Stage 3: collapse boolean combinations of char-class regexes

Introduce src/ast/rewriter/regex_range_collapse.{h,cpp}, a translator between the boolean-combination-of-character-class fragment of regexes and the range_predicate value type added in Stage 2. Recognized fragment (translates to range_predicate): re.empty, re.full_char, re.range, re.union, re.intersection, re.diff of operands recursively in the fragment. Range bounds are accepted in three encodings: string constant ("a"), seq.unit of a const char (seq.unit (Char 97)), and length-1 zstring literal. NOT translated: re.complement -- this is sequence-level complement (Sigma* \ L), not character-class complement. Translating it would incorrectly turn re.comp(re.range "a" "z") into the character class [^a-z], which would drop the empty string and all length>=2 strings. Hook the translator into seq_rewriter at mk_re_union0, mk_re_union, mk_re_inter0, mk_re_inter, and mk_re_diff so that boolean combinations of character classes always reduce to a single canonical range-set form. mk_re_complement is intentionally not hooked. Materialization uses the canonical (seq.unit (Char N)) bound form (matching the rest of seq_rewriter) and right-associates the union with operands sorted by expr_id so the result matches the invariant expected by merge_regex_sets. Unit tests in src/test/regex_range_collapse.cpp cover the recognized fragment, the non-translatable cases, and round-trip identity for multi-range predicates. Corpus validation on bench/inputs/regex-equivalence (1523 .smt2): - 0 soundness regressions vs derive baseline. - Resolves 4 previously-soft-timeout files (now solved correctly). - Resolves 1 pre-existing wrong answer (mut_0404: master/derive say unsat, ground-truth annotation and Stage 3 say sat). - Wall-time: -2.2% vs Stage-3 starting point, -1.5% vs derive. Co-authored-by: Copilot <223556219+Copilot@users.noreply.github.com>
2026-06-20 15:40:37 +00:00 · 2026-06-14 18:49:31 -07:00 · 2026-06-14 18:49:31 -07:00 · c0c826cf5f
commit c0c826cf5f
parent bcdbc80ab8
8 changed files with 500 additions and 1 deletions
--- a/src/ast/rewriter/CMakeLists.txt
+++ b/src/ast/rewriter/CMakeLists.txt
@ -38,6 +38,7 @@ z3_add_component(rewriter
    range_predicate.cpp
    range_predicate_translator.cpp
    recfun_rewriter.cpp
+    regex_range_collapse.cpp
    rewriter.cpp
    seq_axioms.cpp
    seq_eq_solver.cpp
--- a/src/ast/rewriter/regex_range_collapse.cpp
+++ b/src/ast/rewriter/regex_range_collapse.cpp
@ -0,0 +1,145 @@
+/*++
+Copyright (c) 2026 Microsoft Corporation
+
+Module Name:
+
+    regex_range_collapse.cpp
+
+Abstract:
+
+    Implementation of regex <-> range_predicate translation for the
+    boolean-combination-of-ranges fragment.
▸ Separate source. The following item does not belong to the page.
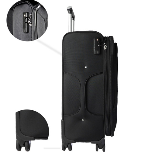 چمدان مسافرتی برند escort طرح Umc سایز بزرگ ارتفاع 70 سانتی بهگونهای طراحی شده که حمل آن راحت باشد. دسته تلسکوپی با ارتفاع قابل تنظیم و چرخهای گردان 360 درجه، شما را قادر میسازد بهراحتی در محیطهای شلوغ مانند فرودگاهها و ایستگاهها حرکت کنید. این چمدان همچنین دارای یک دسته جانبی است که فعالیتتان را در هنگام جابجایی آن تسهیل میکند.

See header for the recognized
+    grammar and the canonical regex AST emitted by materialization.
+
+Authors:
+
+    Margus Veanes (veanes) 2026
+
+--*/
+
+#include "ast/rewriter/regex_range_collapse.h"
+
+namespace seq {
+
+    bool regex_to_range_predicate(seq_util& u, expr* r, range_predicate& out) {
+        unsigned const max_char = u.max_char();
+        auto& re = u.re;
+
+        if (re.is_empty(r)) {
+            out = range_predicate::empty(max_char);
+            return true;
+        }
+        if (re.is_full_char(r)) {
+            out = range_predicate::top(max_char);
+            return true;
+        }
+        unsigned lo = 0, hi = 0;
+        expr* lo_e = nullptr;
+        expr* hi_e = nullptr;
+        if (re.is_range(r, lo_e, hi_e)) {
+            auto extract_char = [&](expr* e, unsigned& c) -> bool {
+                if (u.is_const_char(e, c)) return true;
+                expr* inner = nullptr;
+                if (u.str.is_unit(e, inner) && u.is_const_char(inner, c)) return true;
+                zstring s;
+                if (u.str.is_string(e, s) && s.length() == 1) {
+                    c = s[0];
+                    return true;
+                }
+                return false;
+            };
+            if (!extract_char(lo_e, lo) || !extract_char(hi_e, hi))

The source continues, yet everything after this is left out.